• _What you have to do_: With pictures left out, retype the lines from the start of the records through the one that contains "Gambar 1. Alur Pendaftaran Manual Mahasiswa".

• _Data to examine_:
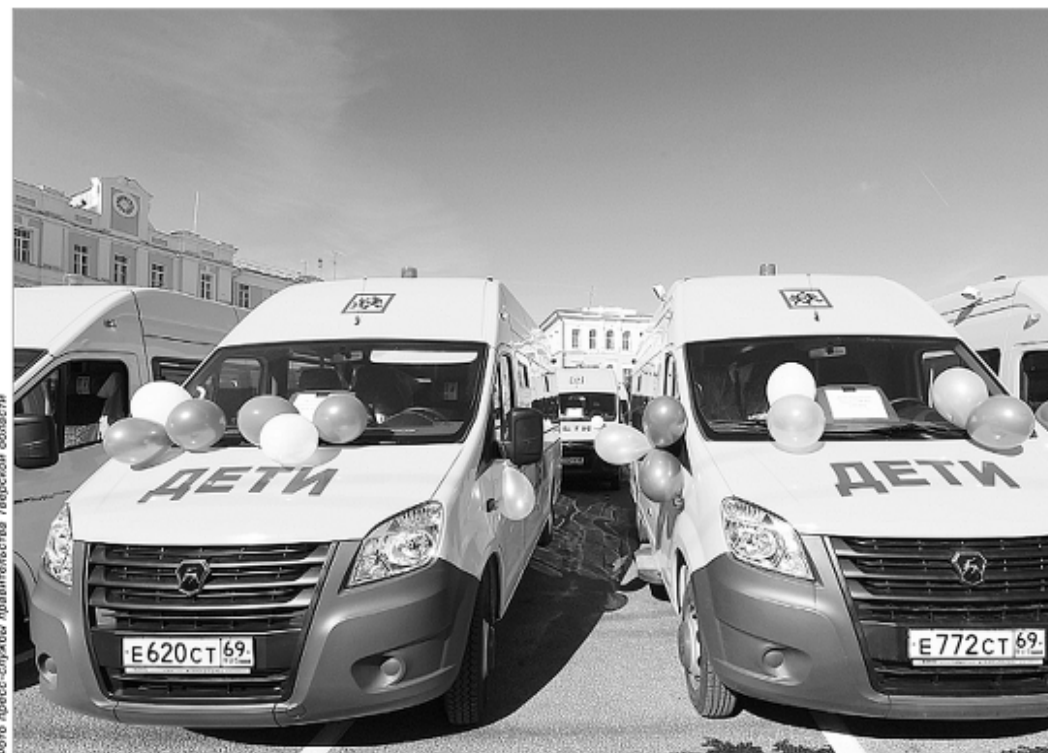
На площади у здания Правительства Тверской области рядами выстроились новые школьные автобусы «ГАЗель Next», предназначенные для перевозки детей от 6 до 16 лет

С 2017 года из консолидированного бюджета Тверской области на капитальный ремонт и укрепление материально-технической базы школ и детских садов было направлено свыше 3,8 млрд рублей. Об этом заявил губернатор Тверской области Игорь Руденя 25 августа на заседании регионального Правительства, посвященном подготовке к новому учебному году.
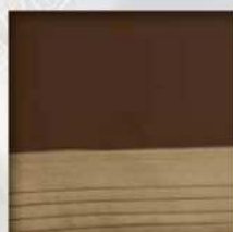
Piccole emozioni (plissé a cucitura piedino)
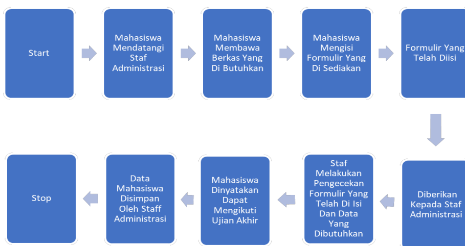
Gambar 1. Alur Pendaftaran Manual Mahasiswa

Kemajuan teknologi informasi saat ini sangat berpengaruh dan bermanfaat di berbagai bidang. Di Indonesia, berbagai bidang telah mengalami transformasi yang signifikan, termasuk bidang pendidikan. Transformasi ini menimbulkan banyak masalah pada masyarakat kita yang belum sepenuhnya menguasai teknologi (Davies & West, 2014). Teknologi yang biasanya hanya digunakan untuk komunikasi dan hiburan, kini harus ditingkatkan fungsinya sebagai media pendidikan (Yusron et al., 2020). Menurut Astini (2020), pemanfaatan teknologi informasi merupakan salah satu upaya dalam perbaikan manajemen baik pada sekolah dan universitas. Hal ini telah dibuktikan pula bahwa teknologi dapat membantu dalam melaksanakan proses belajar mengajar, akan tetapi, dalam hal memfasilitasi penggunaan teknologi ini, ada kalanya staf administrasi dan mahasiswa merasa perlu memperoleh tambahan pengetahuan dalam teknologi yang diperlukan untuk menghadapi kendala yang terjadi. Sasaran peserta dalam pengabdian ini merupakan staf administrasi dan mahasiswa pada Program Studi Manajemen, Fakultas Ekonomi dan Bisnis, Universitas Halu Oleo, Kendari.
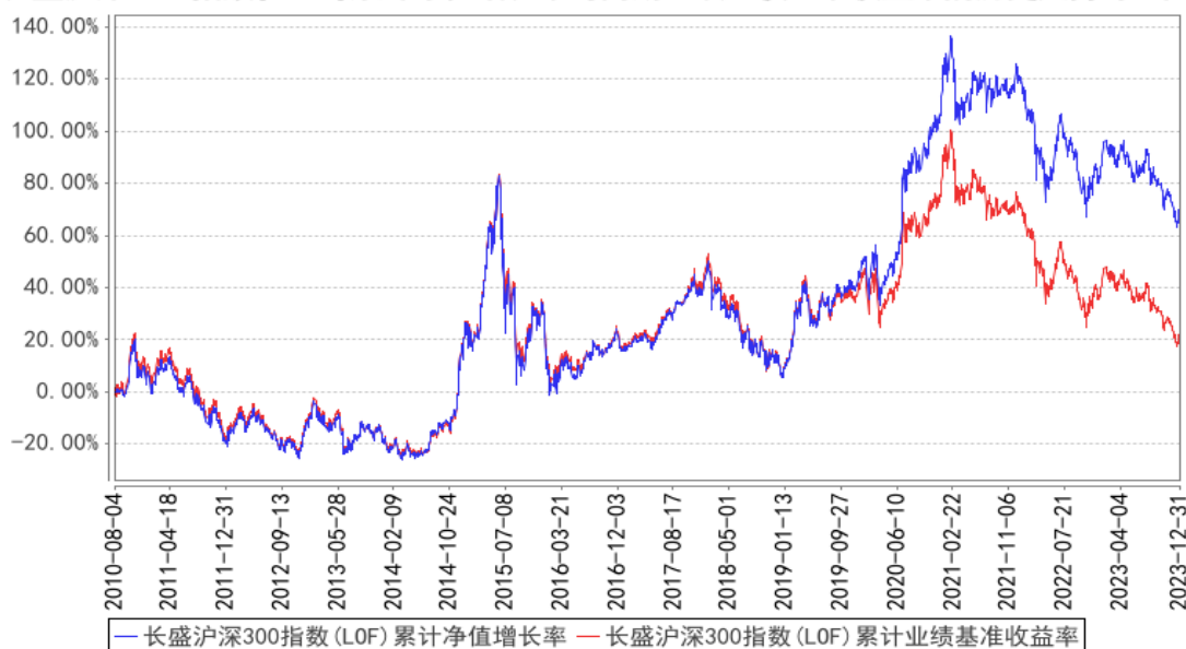
长盛沪深300指数(LOF)累计净值增长率与同期业绩比较基准收益率的历史走势对比图

注：按照本基金合同规定，本基金管理人应当自基金合同生效之日起三个月内使基金的投资组合比例符合基金合同的约定。本报告期内，本基金的各项资产配置比例符合基金合同约定。
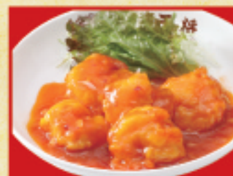
鶏唐揚げ(小) 460円(税込)
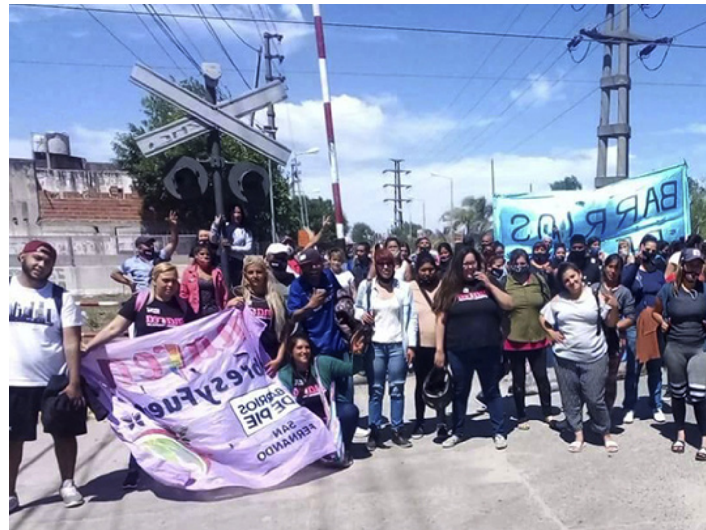
5. Movilización por un hábitat digno en San Fernando.
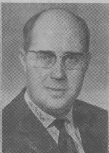
М. Л. Ростропович

• _Your solution_:
На площади у здания Правительства Тверской области рядами выстроились новые школьные автобусы «ГАЗель Next», предназначенные для перевозки детей от 6 до 16 лет

С 2017 года из консолидированного бюджета Тверской области на капитальный ремонт и укрепление материально-технической базы школ и детских садов было направлено свыше 3,8 млрд рублей. Об этом заявил губернатор Тверской области Игорь Руденя 25 августа на заседании регионального Правительства, посвященном подготовке к новому учебному году.
Piccole emozioni (plissé a cucitura piedino)
Gambar 1. Alur Pendaftaran Manual Mahasiswa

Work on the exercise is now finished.